The following video (35 minutes) is an interview with Zhang Weiwei about China and Chinese geopolitics. From it, I have to wonder if the autocratic system of the Peoples Republic of China (PRC) shares autocracy in political office with those incumbents who rise to political power in notional democracies. The meritocracy of the PRC (however long it may have existed) gives rise to a political hegemony that is matched by that of a notionally democratic government, both political systems lacking the unqualified supported of the demos.

 

Most of the articles this week are from gweilo (expatriates), apart from that by Zhang Weiwei. In his article ‘Meritocracy Versus Democracy’ he presents a very inscrutable view of China and the Chinese, much like he did in last weeks post The Silk Road Scramble. However, perhaps no more inscrutable and subject to as much misunderstanding as those western articles that may be read on democracy by an oriental.


The Inscrutable Chinese? Challenges to Understanding China: While it is not appropriate any longer to call the Chinese “inscrutable,” (a colonial moniker used to describe the Chinese as “exotic” and unknowable) nonetheless certain aspects of Chinese society remain very difficult for foreigners to come to accept.

After years of reporting in China, I’m still maddeningly ignorant about the Communist Party: At one conference in Europe several years ago, I met the Party secretary of Guangzhou, an important Chinese city. “Your Chinese is so good,” he replied dismissively, after I asked him a relatively innocuous question about U.S.-China relations. “How did you like studying in China?”

Meritocracy Versus Democracy: While China’s dramatic economic rise has attracted global attention, its political and institutional changes have been little noticed or deliberately ignored for ideological reasons.
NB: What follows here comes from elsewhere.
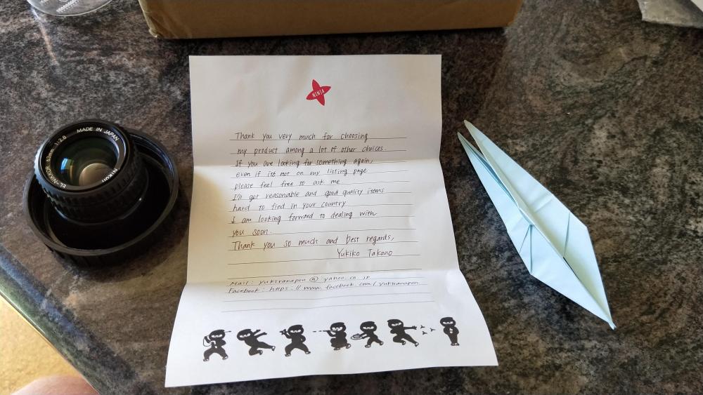 well the el nikor 63 turned up in pretty good time from japan. have to say i like dealing with the japanese. not that i dont like you americans, but your postal service wants to violate me fiscally ? the lens looks immaculate, got a hand written note and a piece of origami no idea how it works or what it does but its the thought that counts ? have ordered a m39 to m42 step up ring and 40.5 to 55mm ring for the front as per tito's review. stay tuned but would it attract a crowd of birds, or are they likely to mistake it for some type of punt gun ?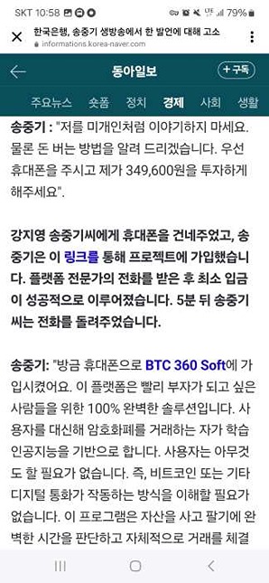 일단 결론부터 말씀 드리자면 스팸이고 사기이며, 배우 송중기씨와는 아무 관련 없는 곳입니다. 송중기씨 이외에도 손석기씨, 조인성씨, 장서규씨 등 관련 없는 연예인 사칭을 해가며, 사기행각을 벌이고 있는 사이트입니다. 한 마디로 궁금해 할 일말의 가치도 없는 곳이니 현혹되면 안됩니다. 동아일보라는 사이트도 다 조작된 것이며, 사이트에 실제로 들어가서 다른 기사나 다른 메뉴를 클릭해도 전혀 반응하지 않는 조작된 사이트입니다. 이런 사기와 관련된 언론사나 배우 등의 피해가 걱정됩니다.

The fascinating cultural reason why Westerners and East Asians have polar opposite understandings of truth: According to cultural philosophers, Westerners and East Asians have had contrasting views about the concept of truth and how it works for thousands of years — and it shows up in present-day psychology.

Beyond the pale — China’s cheerful racists: To many Chinese, ideas about racial hierarchies are not outdated anathema but unquestioned belief.


Referenced Articles & Books: A book or pdf (usually free), or simply a url that may sometimes link to a download that is also usually free. Sometimes a link to JSTOR is used, this lets you set up a free account allowing you to have 6 (interchangeable) books stored that you can read online.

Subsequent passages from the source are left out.